While spiraling into the smaller circle going to the left, the young rider was told to maintain the inside bend without letting Zeek’s right hindquarters fall to the outside and to keep thinking forward without letting his head come up.
Later, on the straightaway, Lockman suggested another exercise: a few strides of shoulder-in, then straighten into extended trot. This reinforced the connection and then maintained it while moving forward. “Sarah taught me to push him into the connection, making him more through and able to extend,” said Piferi after her session. “We learned a lot about getting a better connection in all three gaits and I definitely look forward to working with Sarah again someday.”
Twelve-year-old Lauren Hayatian recently earned her C-1 Pony Club rating and is a Beginner Novice eventer with the 16-year-old Quarter Horse/Morgan cross Little Dude. She appreciated tips for “getting him more up.” The first was Lockman raising Little Dude’s bit by one notch to address his habit of sticking his tongue out. The next tip was shortening Hayatian’s reins. Half halts, leg yields and emphasizing the inside-leg-to-outside-rein connection improved the energy of the horse’s gaits right away, as did a few taps of the whip on the haunches to get more engagement and activity behind.
In seeking to brighten all gaits, don’t forget the walk, Lockman said. “It’s a working gait. You should feel that he’s asking ‘When do you want me to canter?’ Keep it lively!”

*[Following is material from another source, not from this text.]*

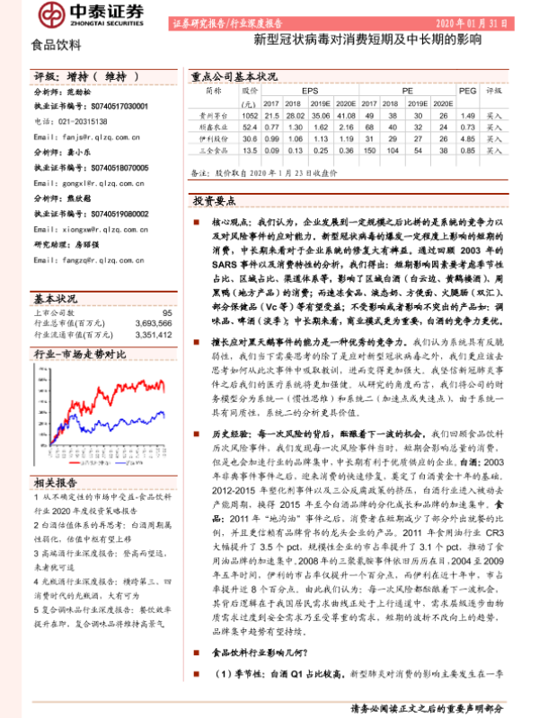 【中泰证券】【20200131】食品饮料行业深度报告:新型冠状病毒对消费短期及中长期的影响-22页 行业研究

Hayatian’s 15-year-old sister, Peyton, was equally pleased after her session. She is targeting First Level and wasn’t sure if her 9-year-old Appendix Quarter Horse Rosie could do the counter-canter they would need at that level. The first step was leg yields at the trot with Peyton focused on telling Rosie that her inside leg aid meant “move over, not faster.” These aids included half halts “that were more abrupt, but not harsh, by applying the same rein pressure with both hands at the same time,” explained Lockman.
Lockman also helped Peyton align her body in ways that positively influenced her horse. For example, when leg yielding to the left, she needed to “sit left, bend left and look left: Stay facing in the direction you want your horse to go.” The work paid off as Rosie’s trot slowed down while gaining swing and rhythm.

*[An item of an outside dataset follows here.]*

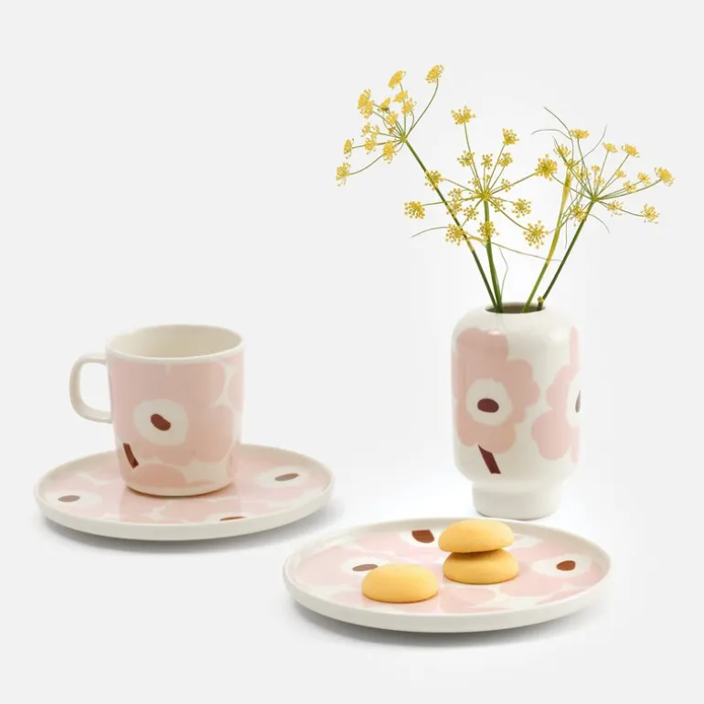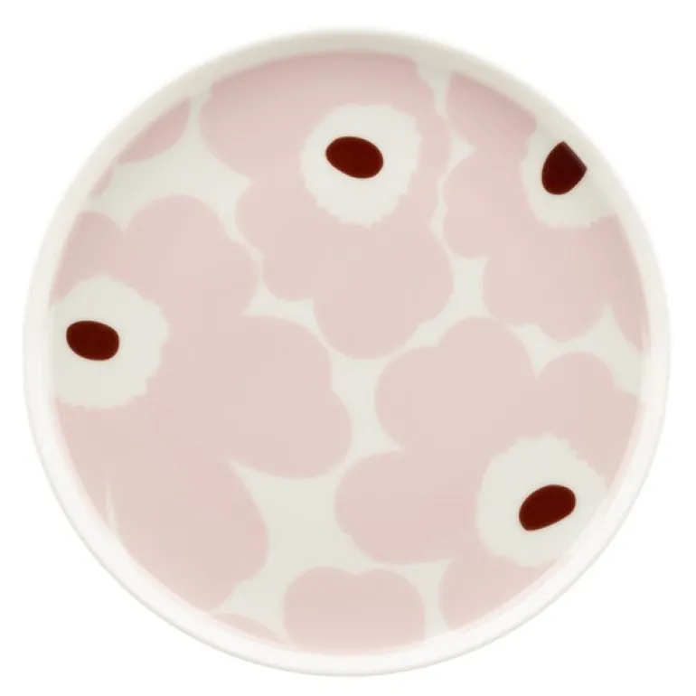 Asjetten har det ikoniske Unikko-mønsteret, skapt av Maija Isola i 1964, i en tid hvor blomsterdesign var sjeldne i Marimekkos kolleksjoner. Inspirert av ønsket om å skape noe nytt og spennende, utviklet hun en hel serie med blomsterprint som har blitt en av Marimekkos mest gjenkjennelige design. Fargepaletten i hvitt, lys rosa og chestnut gir asjetten et moderne og sofistikert uttrykk.

Next came counter-canter preparation of shallow loops at the canter from the rail to the quarterline, then the centerline and back to the rail. The track back to the rail is a short stretch of counter-canter. “Keeping my body straight allowed my horse to keep the lead without swapping,” said Peyton.
The sisters’ mother,
Christine Hayatian, summed up the participants’ sentiments. “We are grateful for all the hard work and dedication that Sarah put into this for kids. Pony Club always gives back. It’s awesome to see Sarah do the same.”

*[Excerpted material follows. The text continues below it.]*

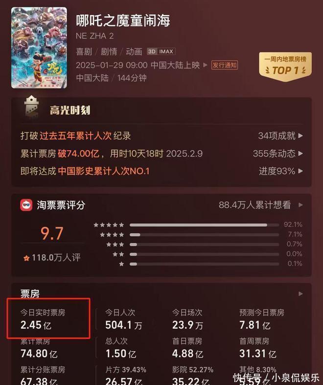 时于本日,《哪吒2》的票房成绩照旧冲到了74.8亿,今天固然照旧是大年头十了,可哪吒依旧斩获了2.4亿的单天票房成绩,真的尽头夸张。

Sarah Lockman began as a Pony Clubber and eventer. She earned her “B” U.S. Pony Club rating and completed her first CCI** at age 15. A USDF gold, silver and bronze medalist, Lockman trains horses and riders to all levels. She is especially well known for her skills bringing along young horses, including her own 6-year-old rising star, Dehavilland. Today she runs her dressage training business in Southern California’s Orange County.